[Start of section]

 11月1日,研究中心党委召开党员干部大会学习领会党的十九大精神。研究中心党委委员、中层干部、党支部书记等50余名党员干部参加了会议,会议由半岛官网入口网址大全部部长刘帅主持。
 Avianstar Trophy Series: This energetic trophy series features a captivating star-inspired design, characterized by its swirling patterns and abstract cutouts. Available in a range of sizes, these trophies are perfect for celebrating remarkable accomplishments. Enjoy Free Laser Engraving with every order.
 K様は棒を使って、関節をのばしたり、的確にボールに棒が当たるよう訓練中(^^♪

[End of section]
[Start of section]

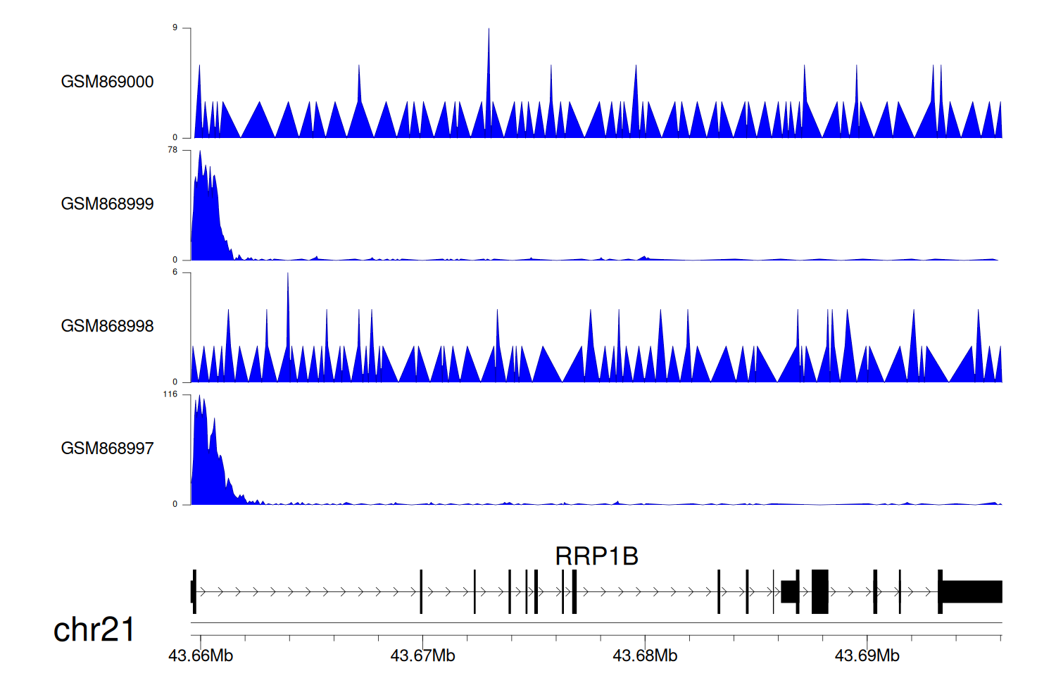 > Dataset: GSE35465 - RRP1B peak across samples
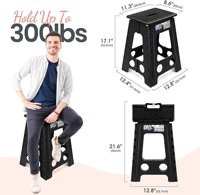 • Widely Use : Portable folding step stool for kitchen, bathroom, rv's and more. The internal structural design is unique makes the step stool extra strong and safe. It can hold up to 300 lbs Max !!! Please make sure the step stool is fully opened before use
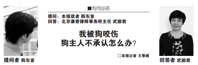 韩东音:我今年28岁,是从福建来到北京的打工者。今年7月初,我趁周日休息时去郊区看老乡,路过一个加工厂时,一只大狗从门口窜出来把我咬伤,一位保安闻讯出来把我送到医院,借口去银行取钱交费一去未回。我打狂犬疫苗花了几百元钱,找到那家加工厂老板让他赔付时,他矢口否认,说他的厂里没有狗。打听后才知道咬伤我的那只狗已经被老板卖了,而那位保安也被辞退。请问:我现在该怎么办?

[End of section]
[Start of section]

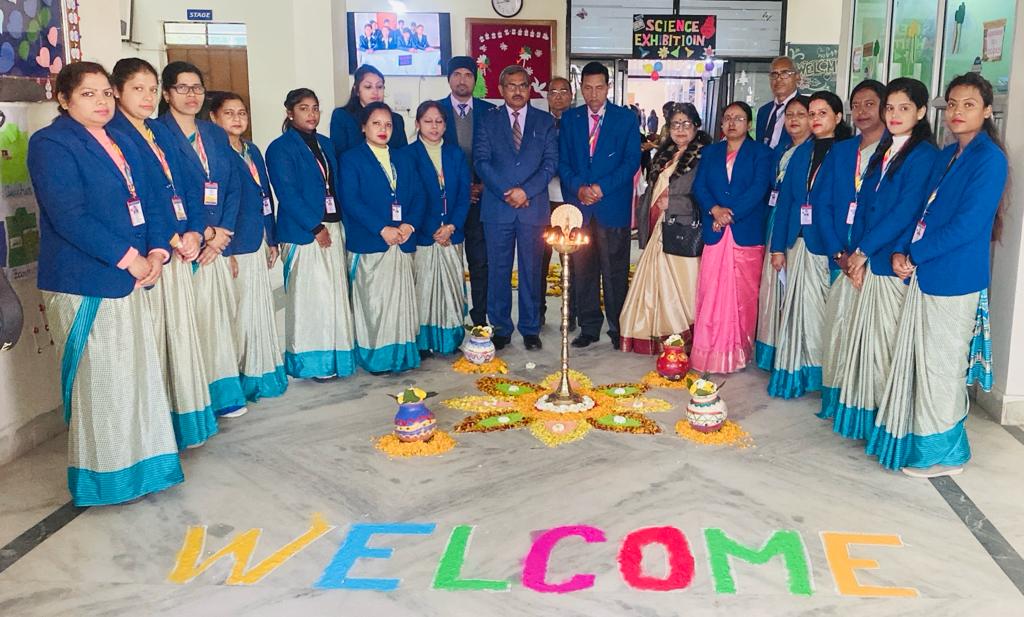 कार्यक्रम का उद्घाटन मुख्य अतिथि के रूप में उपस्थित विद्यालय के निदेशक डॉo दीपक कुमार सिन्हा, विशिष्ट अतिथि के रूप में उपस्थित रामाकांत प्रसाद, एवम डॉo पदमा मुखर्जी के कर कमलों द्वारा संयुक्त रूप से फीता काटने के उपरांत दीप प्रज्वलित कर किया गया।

[End of section]

Task directions
Print exactly the lines above, between the one holding "Avianstar Trophy Series: This" and the one holding "K様は棒を使って、関節をのばしたり、的確にボールに棒が当たるよう訓練中(^^♪", inclusive, and nothing besides.

Answer for this exercise
 Avianstar Trophy Series: This energetic trophy series features a captivating star-inspired design, characterized by its swirling patterns and abstract cutouts. Available in a range of sizes, these trophies are perfect for celebrating remarkable accomplishments. Enjoy Free Laser Engraving with every order.
 K様は棒を使って、関節をのばしたり、的確にボールに棒が当たるよう訓練中(^^♪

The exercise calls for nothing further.